ProLiant Servers (ML,DL,SL)
cancel
Showing results for 
Search instead for 
Did you mean: 

Unrecoverable System Error (NMI) has occurred

Arne Defurne
Occasional Visitor

Unrecoverable System Error (NMI) has occurred

Hello,

On a ProLiant DL580 G3 (running VMWare ESX 3.5) we recieved an Unrecoverable System Error (NMI).

Just a bit info before this

Last week I connected a networkcable to the server that caused the server to reboot. After searching trough different logs I found hplogs that stated a PCI bus error:

Type hplog -v to get a listing of ASRs

0016 Critical 14:29 03/11/2009 14:29 03/11/2009 0001
LOG: PCI Bus Error (Slot 0, Bus 22, Device 2, Function 0)

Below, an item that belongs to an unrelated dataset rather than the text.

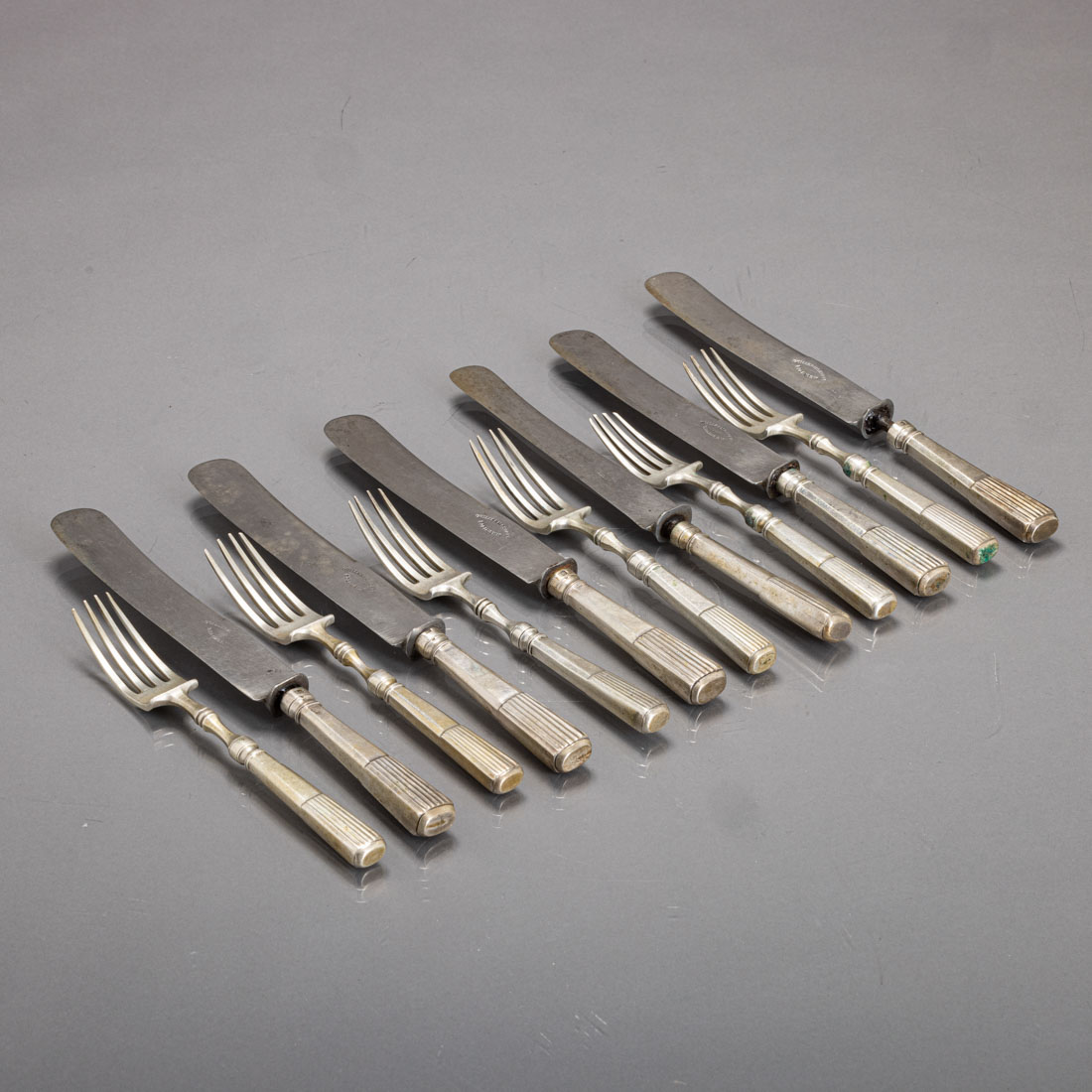 Em prata portuguesa do Séc. XIX, marca de ensaiador do Porto (P-78) Guilherme Guedes Mancilha e de ourives (P-227) Joaquim José Correia, decoração caninhas. Sinais de uso, pequenos defeitos nas facas.

0017 Caution 13:30 03/11/2009 13:30 03/11/2009 0001
LOG: POST Error: A Critical Error occurred prior to this power-up

By checking the PCI list I found that it was the network interface that caused the problem:

Take in mind that Port 22 decimal = port 16 HEX

Type lspci –t for a list of all pci devices

[root@vmw8 root]# lspci -tv

+-02.0-[12-19]--+-00.0-[13-15]--+-01.0 Intel Corporation 82546EB Gigabit Ethernet Controller (Copper)
| | \-01.1 Intel Corporation 82546EB Gigabit Ethernet Controller (Copper)
>>> | \-00.2-[16-19]--+-02.0 Intel Corporation 82546EB Gigabit Ethernet Controller (Copper)
| \-02.1 Intel Corporation 82546EB Gigabit Ethernet Controller (Copper)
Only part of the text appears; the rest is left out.